Lo escribí sin pensar, según iban apareciendo las escenas en mi mente. Cuando llegué y vi esa gran pancarta contra la guerra que colgaba en la fachada, cuando escuché los primeros gritos de ¡NO A LA GUERRA!, cuando vi las paredes del vestíbulo llenas de pintadas, y cuando vi en el fondo un inmenso corcho que se iba llenando poco a poco de papeles blancos, de folios donde cada uno escribía lo primero que se le ocurría, me vino a la mente la escena de la muerte.

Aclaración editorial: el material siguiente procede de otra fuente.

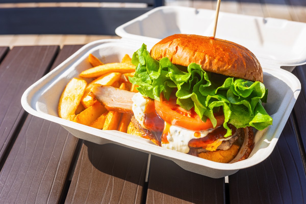 アトラクションになぞらえた名物メニュー「和牛ZOKKONバーガー」は、文字通り和牛100%パティの食感やジューシーさ、旨味を最大限に引き出すため、バンズも専用米粉バンズを使用するというこだわりよう。通常の1.5倍はあるビッグサイズで満足度も高い。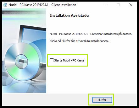 Bocka av "Starta Nutid - PC Kassa" och välj slutför.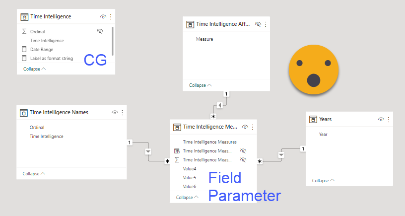 To use this field parameter you might want to build the filter tables for the slicers you saw on the video on top. For that I reused the table of «Time Intelligence Affected Measures» which already contains the names of the measures we are using (most likely). Now for calculation items you can’t just create a relationship with the calculation group, so you might want to create a calc table that is equal to the calc group table. It will contain just the names, but none of the wizardy, so it’s great as a dimension containing all the calc item names. You could enrich that with a nicer names of course. Finally for years you will probably need to a year table. With that you can build like a star schema around your field parameter — how cool is that?

La habíamos vivido el día anterior y la teníamos tan dentro que me la imaginé con toda nitidez, pero no vi al abuelo, a su muerte natural, vi a la muerte más cruel, la más inútil, la más innecesaria, la que nunca debía ocurrir, la de la persona más indefensa, la del más inocente…, la de un niño.

Apoyé el folio en mi bolso aprovechando su parte más dura y las frases me venían sin querer. Nunca había escrito nada, tú lo sabes, pero ahora viendo como el corcho se llenaba de escritos, de frases, de dibujos, de poesías; fluían en mi mente las frases concretas, las más tristes, las más desesperadas.

Pinché mi poema y clavé mis ojos en él. Al lado había otros. Me fijé en el de arriba.

 

Colateral

Se desvió el misil,

Por qué se desvió,

Qué hacía esa casa,

No tenía que estar,

Según las coordenadas

no debía de estar.

¡Mierda, por qué está allí!

Amanece,

Comienzan a quitar esos escombros,

Comienzan a sacar los hombres muertos,

Aparece la desesperación y la ira,

La televisión muestra esas imágenes.

Daño colateral.

 

 

Después leí la de la izquierda.

 

Nos invaden

Nos invaden porque han descubierto un arma nueva,

que entra en las mentes y destruye los corazones,

un arma mucho más poderosa que las nuestras.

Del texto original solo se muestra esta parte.